The only way to ‘save up’ extra electricity so it can be used at a different time is with batteries. A battery for an entire country would be too expensive to make.
You could also ask the question: Why are batteries so much more expensive than power plants? One reason is because of the nature of what they do. A battery is like a bucket that holds electricity. A power plant is like a hose that shoots fast-moving electricity. Now, if you had to provide a city with water for a month, what would be easier: Building a bucket to hold all the water that millions of people and businesses use in a month (it would be larger than dozens of skyscrapers), or making a powerful hose?
Where would they dump it? Electricity generation must be consumed as it’s generated or bad things begin to happen. Renewables are handy in this regard because utilities can simply shut off generation as needed to match demand.
That being said, as battery storage becomes a thing, it will possible to store vast amounts of overproduction.
Wind generators are highly variable, so whenever a local grid is drawing from those tall wind gens, there is a certain amount of backup generators with hem that use a jet engine to turn a generator.
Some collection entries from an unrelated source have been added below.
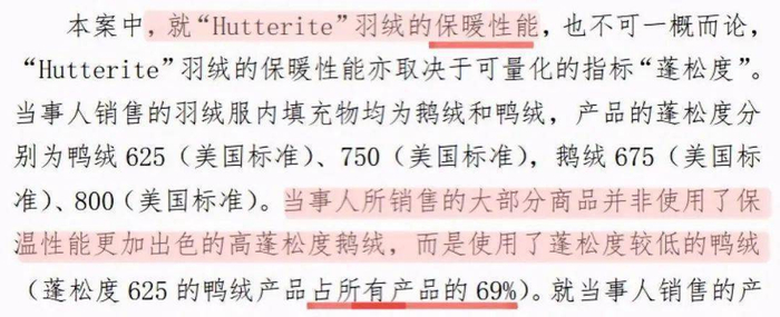 此外,调查还发现,在当事人销售的190款羽绒服装中,鹅绒产品约占16.8%,鸭绒产品约占83.2%。也就是说,其销售的大部分羽绒服并非使用保温性能更出色的高蓬松度鹅绒,而是使用了蓬松度较低的鸭绒,因此,当事人以偏概全地称其产品所使用的羽绒“优良且最保暖”与事实不符。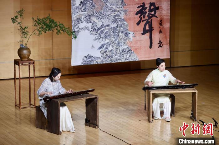 2024年12月,中國(guó)音樂(lè)學(xué)院“弦外有琴聲——古琴專(zhuān)場(chǎng)音樂(lè)會(huì)”,該校國(guó)樂(lè)系副教授黃梅(右)和碩士研究生李孟潔(左)演奏雙琴版《流水》。中新社記者 易海菲 攝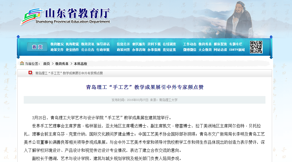 本次展览重点民间“手工艺”能够彰显出丰富的地域文化记忆。山东是中华文明的重要发祥地之一,齐鲁先民在悠长的历史发展中所创造了丰富璀璨的民间艺术,一直滋润着伟德国际1946bv官网艺术与设计学院的“手工艺”教学实践,形成了集民俗、传统家具、建筑的传承与创新于一体的手工艺特色教学。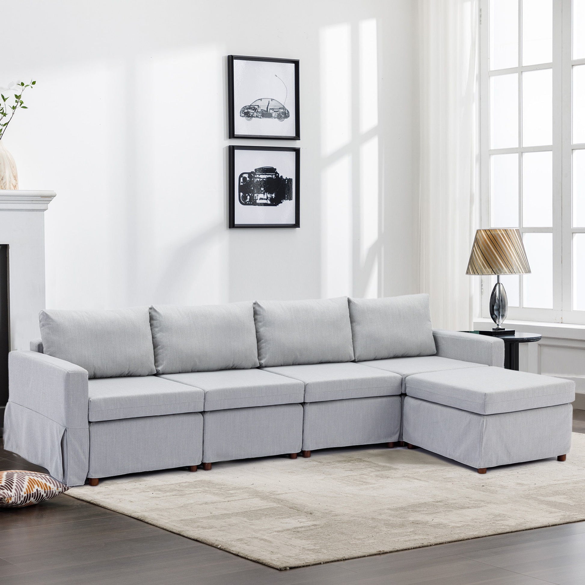 4 Seat Module Sectional Sofa Couch With 1 Ottoman, Seat Cushion And Back Cushion Removable And Washable - Light Gray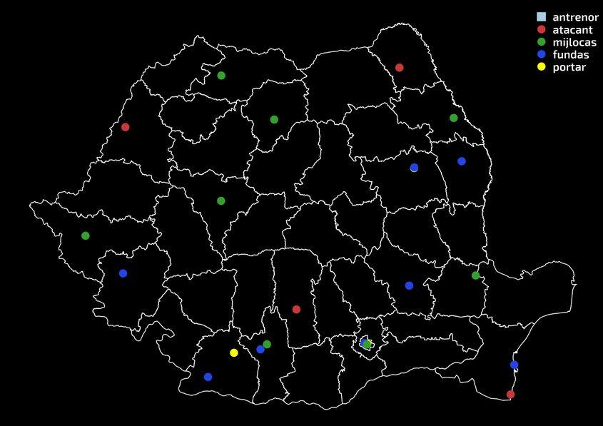 Au parcurs apoi loturile de jucători selecționați și i-au așezat pe hartă, în funcție de posturi și de locul nașterii.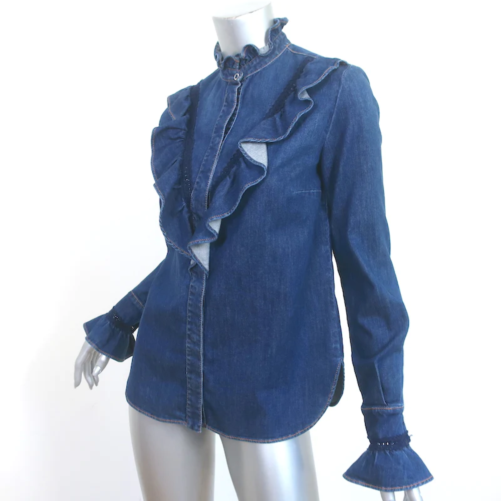 denim shirt with ruffles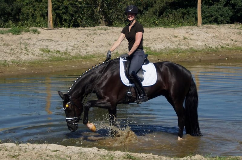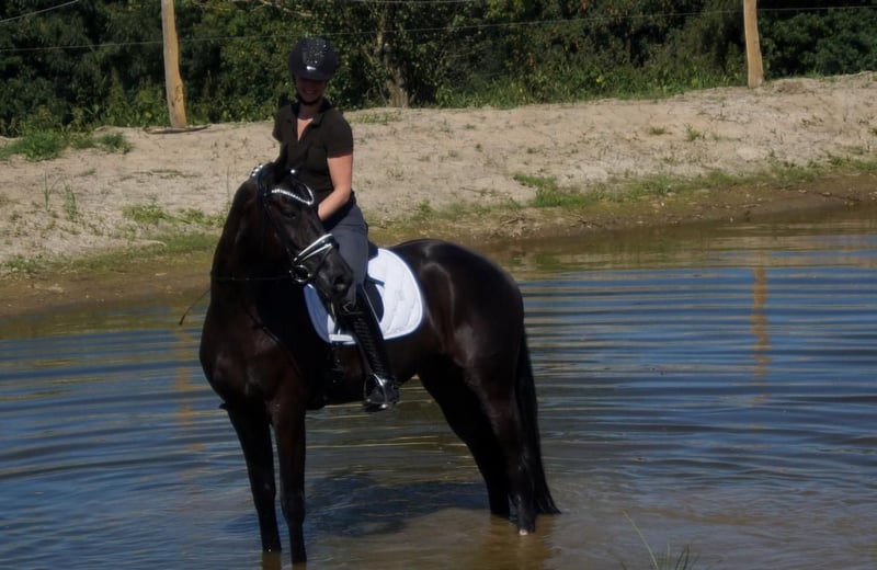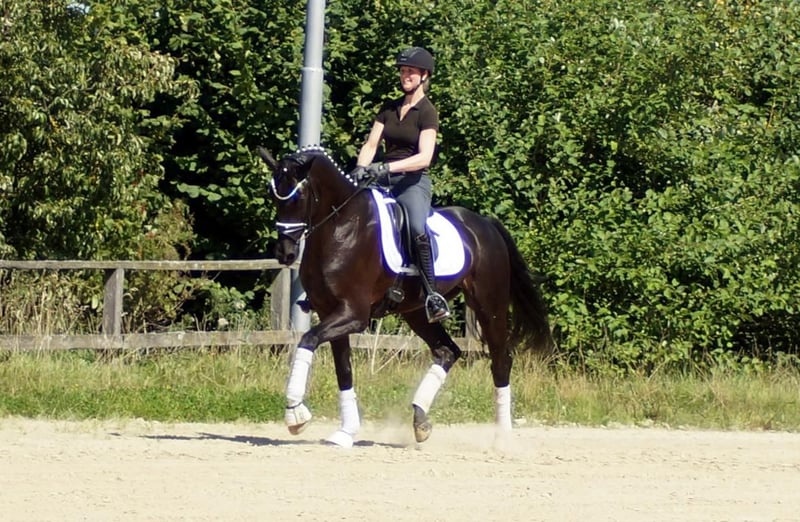 Fiorino is a top-class dressage horse that enjoys what humans offer him. Equipped with exceptional basic gaits, this strikingly beautiful gelding draws many eyes. His walk is large and very efficient. In the trot, he has a good hind leg that translates into expression and mechanics with plenty of shoulder freedom. His canter is maximally constructed uphill and gains significant importance from the enormous shoulder freedom. Personally, he is completely indifferent to this. He is only surprised by the many spectators, as he enjoys it when the rider fiddles with him, new tasks arise, or he simply gets to experience something. His riding reflects much of the Fürstenball bloodline. The way he moves softly and dynamically with a very pleasant contact can be attributed to his sire, Finest (by Fürstenball). Through the maternal line, which is also known for its jumping performance, he inherits a good physique with strong hind legs and a willingness to perform. Overall, one would today describe him as an expressive, extremely likeable "triple gaited" horse (three good basic gaits), whose future looks very promising due to a successful genetic foundation. A good TÜV from May 2025 is available.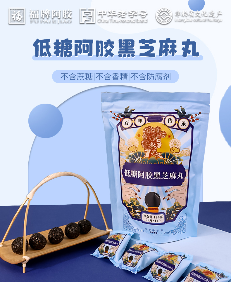 福牌低糖阿胶芝麻丸126g*3袋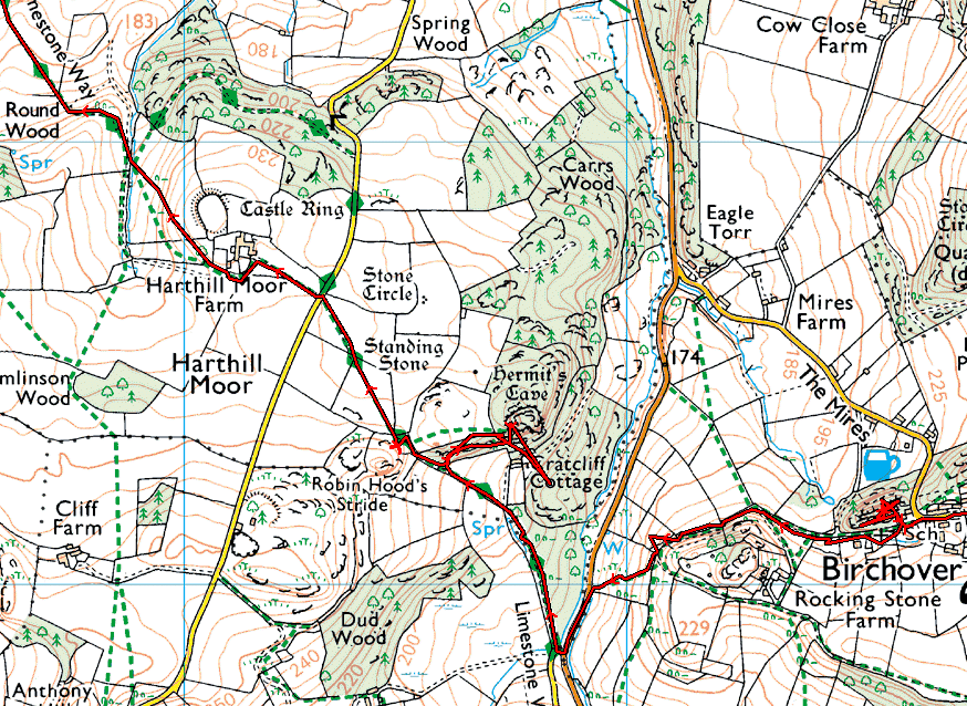 1...The tangled track at Birchover is the result of exploring a hill topped with overhanging rocks. A tunnel through the rocks was traversed twice!

They burn natural gas, so the exhaust is not too smoggy.
These gas turbines can be turned on and off rapidly.
As far as cost-effectiveness, the steam-turbines that burn coal for heat are still very cheap per energy generated, but…they can’t just be turned on and off, so they are for the base-load, meaning the lowest demand times they are running at a low generation level, but they are not off. This is why electricity is cheaper at night, and that’s when the government wants electric cars to charge up.
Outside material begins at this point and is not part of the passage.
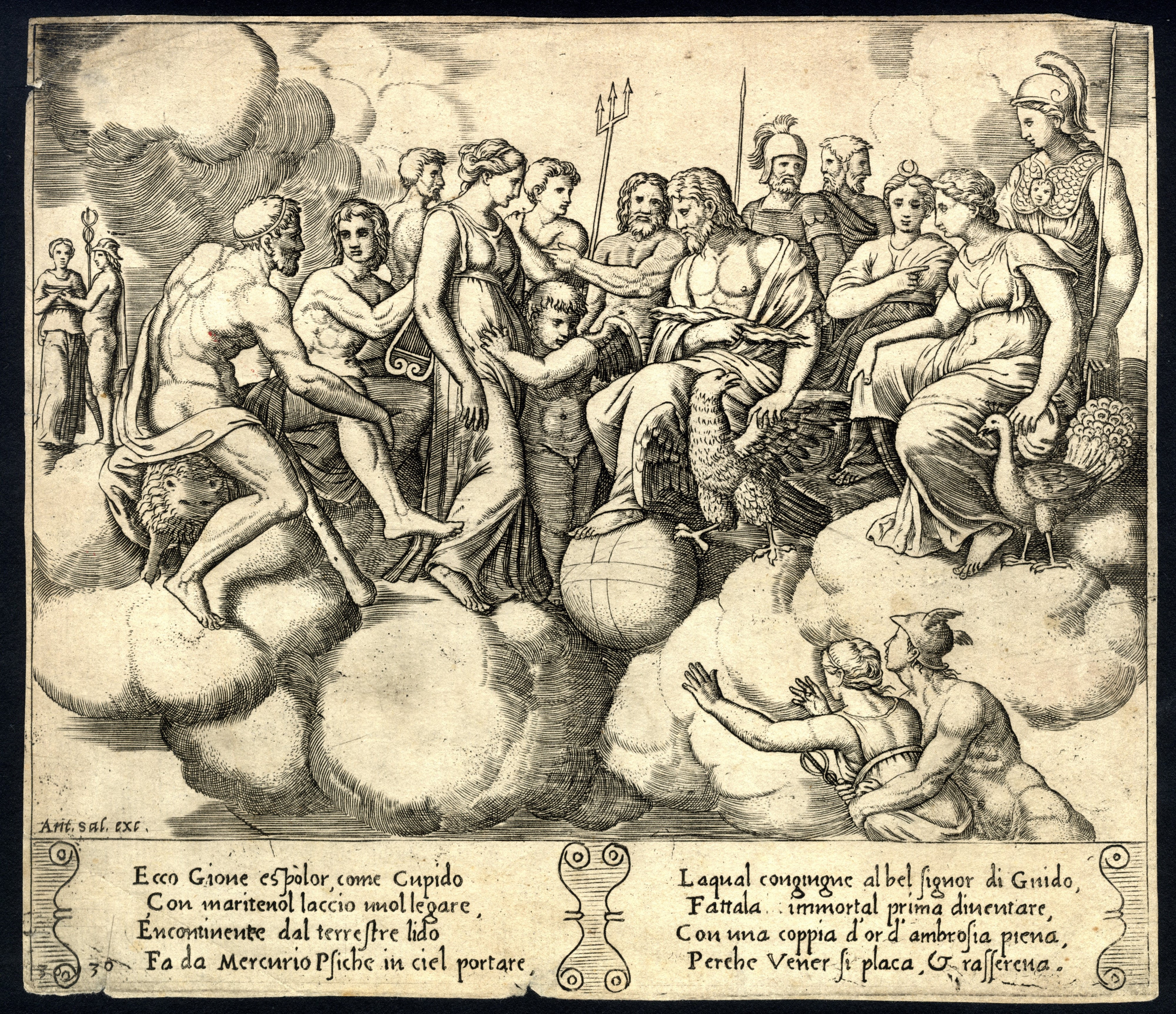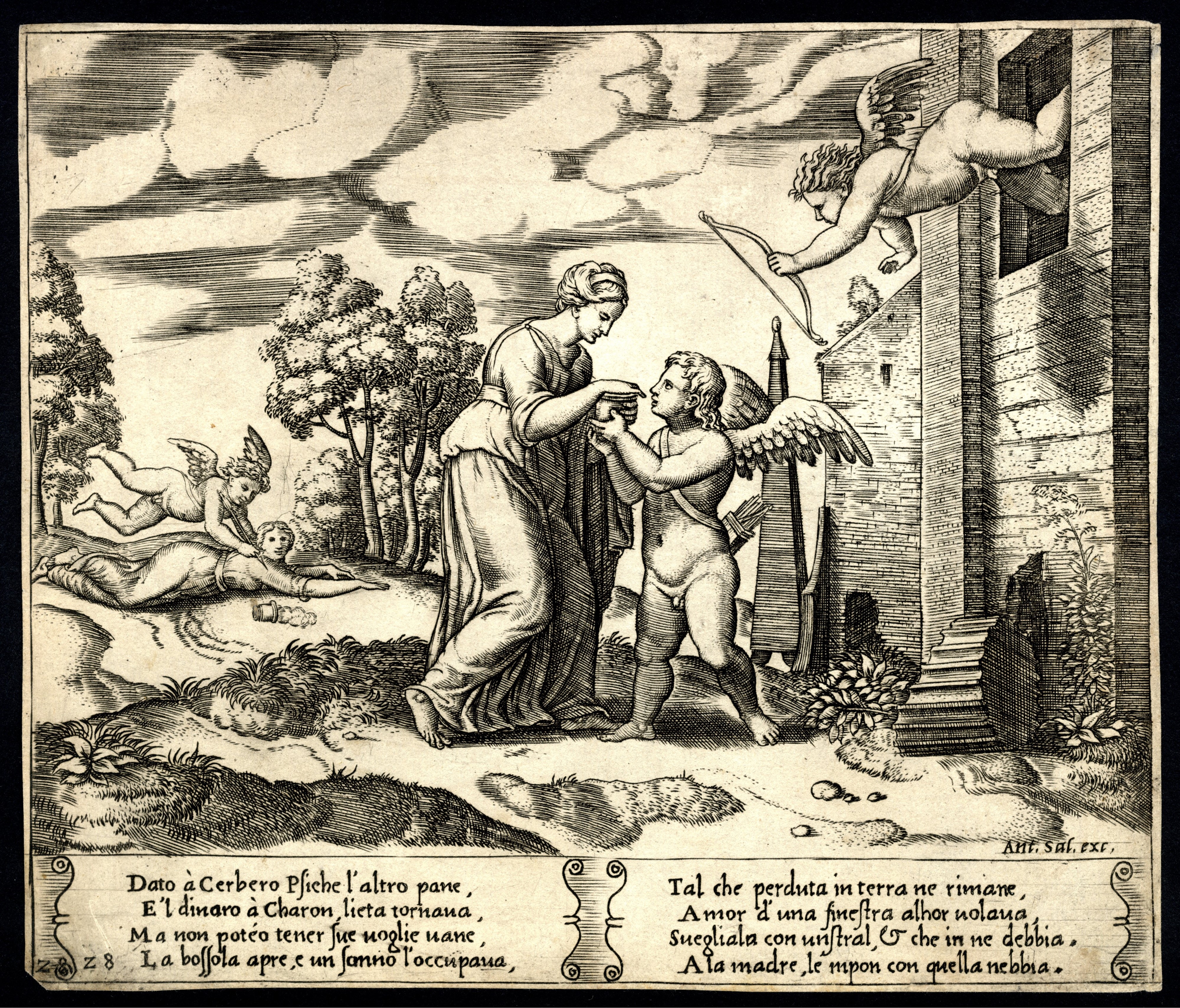 Lotto di due incisioni dalla serie con la storia di Amore e Psiche. Bulino, 195 x 230 mm ca. cad. 2. Stato II su 2, con l'indirizzo di Antonio Salamanca, ritoccate da Francesco Villamena Bartsch XV.222.66 e 68.

I’m not aware of any countries paying to export energy as a long term strategy. That sounds like an extremely niche scenario, as the obvious answer is to just stop producing.
Production always has to match demand or bad things happen. Essentially the system becomes unstable and either crashes or blows itself up.
You can control production pretty easily. Controlling demand is very hard, you’d need rolling blackouts or massive heaters you can quickly switch in to eat (waste) the power. You can control it a little by exporting to another country, who may be able to control their production better than you can
Think of it like baking a cake in an oven. The heat is like electricity, and the cake is like the electric consumers.
Too much heat, cake burns. Too little, cake doesn’t bake.
The oven will heat up to the right temp and then turn off, because if it kept producing heat it would get too hot and burn the cake. If it gets too hot accidentally, open the oven door to release some heat.
Same with generating electricity…too much electricity and my electronics and stuff go bzzzZzzzzzbbrrrbrrrboom!!!